▸ **PROBLEM**: Would you restate the listing word for word, with the images omitted?

▸ **SUPPLIED DATA**:
--------------------------------------------------

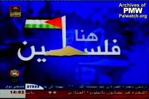 The central element in the intro to the weekly PA TV show "Here is Palestine" is the map of "Palestine" replacing all of Israel with the Palestinian flag flying above it.
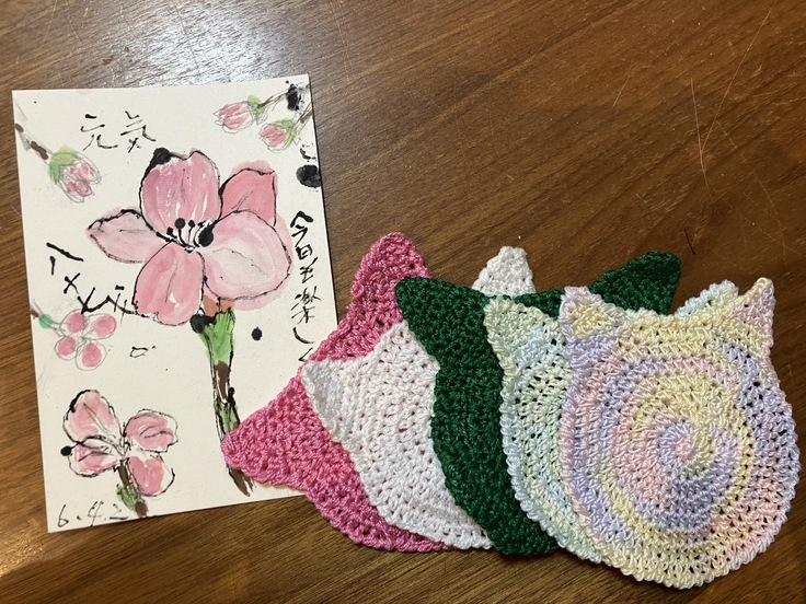 今回リターンの商品になった猫顔コースターと絵手紙は、母が応援してくださった皆さまへの感謝の気持ちとして、率先して、作ってくれた物です。
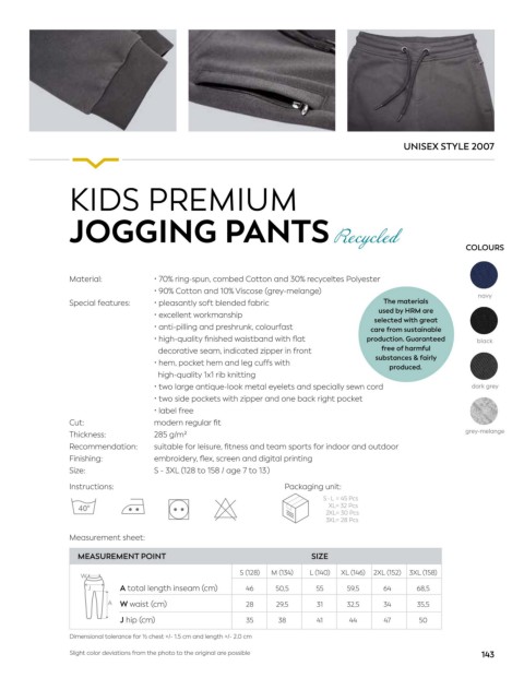 5000 mm recycling cotton Size: S - 3XL (128 to 158 / age 7 to 13 )

--------------------------------------------------

▸ **OUTPUT BELOW**:
 The central element in the intro to the weekly PA TV show "Here is Palestine" is the map of "Palestine" replacing all of Israel with the Palestinian flag flying above it.
 今回リターンの商品になった猫顔コースターと絵手紙は、母が応援してくださった皆さまへの感謝の気持ちとして、率先して、作ってくれた物です。
 5000 mm recycling cotton Size: S - 3XL (128 to 158 / age 7 to 13 )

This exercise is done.